Report of cases
Received: 01 March 2024
Accepted: 21 January 2025
DOI: https://doi.org/10.22516/25007440.1188
Abstract: Acute pancreatitis is characterized by a reversible inflammatory process affecting the pancreas. The most common causes include biliary tract obstruction and alcohol consumption. However, between 4% and 10% of cases are linked to hypertriglyceridemia, with serum triglyceride levels exceeding 1,000 mg/dL. While the exact pathophysiology remains unclear, prevailing hypotheses suggest two main mechanisms: the direct toxic effect of free fatty acids on pancreatic tissue and vascular obstruction caused by chylomicrons due to reduced genetic expression of lipoprotein lipase (LPL). Treatment focuses on lowering triglyceride levels to below 500 mg/dL. Although few interventions have proven effective, insulin therapy and anticoagulation are generally recommended. This report presents the case of a young male patient diagnosed with acute pancreatitis associated with hypertriglyceridemia, along with a review of the underlying pathophysiology and management strategies for this condition.
Keywords: Pancreatitis, hypertriglyceridemia, insulin.
Resumen: La pancreatitis aguda se caracteriza por un proceso inflamatorio reversible del páncreas. Las causas más frecuentes son la obstrucción de la vía biliar y el consumo de alcohol. No obstante, 4% a 10% de los episodios están asociados a hipertrigliceridemia con niveles séricos superiores a 1000 mg/dL. Aunque la fisiopatología exacta no está claramente establecida, las hipótesis predominantes incluyen el efecto tóxico directo de los ácidos grasos libres sobre el tejido pancreático y la obstrucción vascular provocada por los quilomicrones debido a la reducción de la expresión genética de la lipoproteína lipasa (LPL). El tratamiento se enfoca en reducir los niveles de triglicéridos a menos de 500 mg/dL; pocas intervenciones han demostrado ser efectivas, pero se recomienda el uso de insulina y de anticoagulantes. Se presenta el caso clínico de un paciente masculino joven con pancreatitis aguda asociada a hipertrigliceridemia, y se realiza una revisión de la fisiopatología y del manejo de esta entidad.
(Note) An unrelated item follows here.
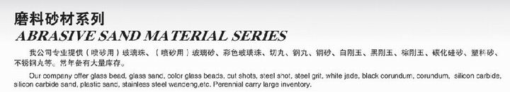 (噴砂(sha)(sha)用)玻離珠、(噴砂(sha)(sha)用)玻離砂(sha)(sha)、顏(yan)色玻離珠、切(qie)丸、鋼(gang)丸、鋼(gang)砂(sha)(sha)、白剛玉(yu)、黑(hei)剛玉(yu)、棕剛玉(yu)、炭化硅砂(sha)(sha)、材料砂(sha)(sha)、冷庫(ku)(ku)保溫隔熱板的表層(ceng)丸等。多年配備不少庫(ku)(ku)存(cun)積壓(ya)。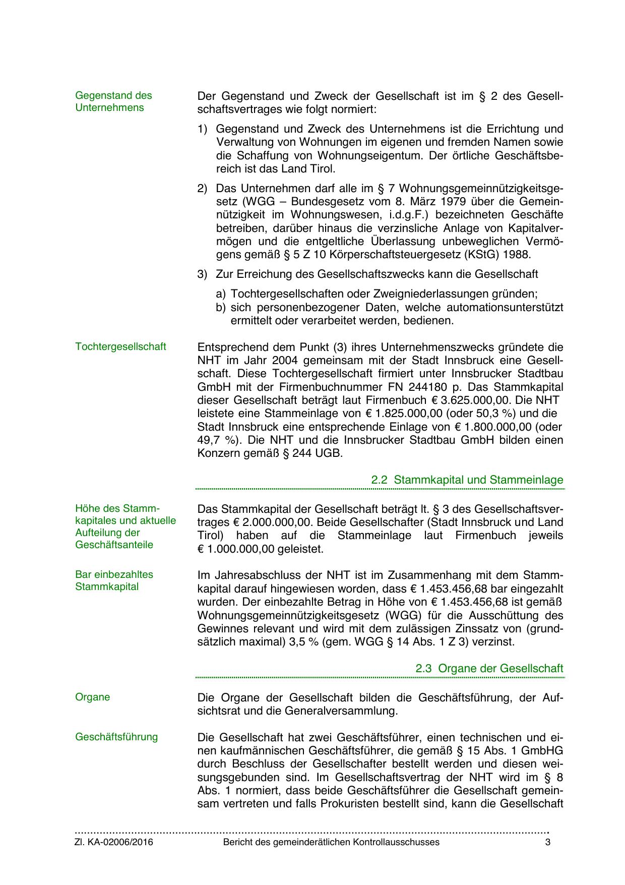 Das Stammkapital der Gesellschaft beträgt lt. § 3 des Gesellschaftsvertrages € 2.000.000,00. Beide Gesellschafter (Stadt Innsbruck und Land

Palabras clave: Pancreatitis, hipertrigliceridemia, insulina.
Introduction
Acute pancreatitis is a reversible inflammatory process of the pancreas; the most common causes are bile duct obstruction and alcohol consumption1. In Colombia, the prevalence is similar between men and women, with the condition affecting more individuals between the ages of 50 and 70. In this population, approximately 50% of cases are of biliary origin, and 19% of cases have no identifiable cause. Mortality in severe cases can reach up to 8%1,2.
Hypertriglyceridemia is the third most common cause of acute pancreatitis (APHTG), contributing to 10% of cases. It is estimated that this percentage may rise to 50% during pregnancy, making it one of the main etiologies in this population group3,4. The link between hypertriglyceridemia and acute pancreatitis was first identified by Speck in 1865, and since then, numerous studies have explored this relationship5.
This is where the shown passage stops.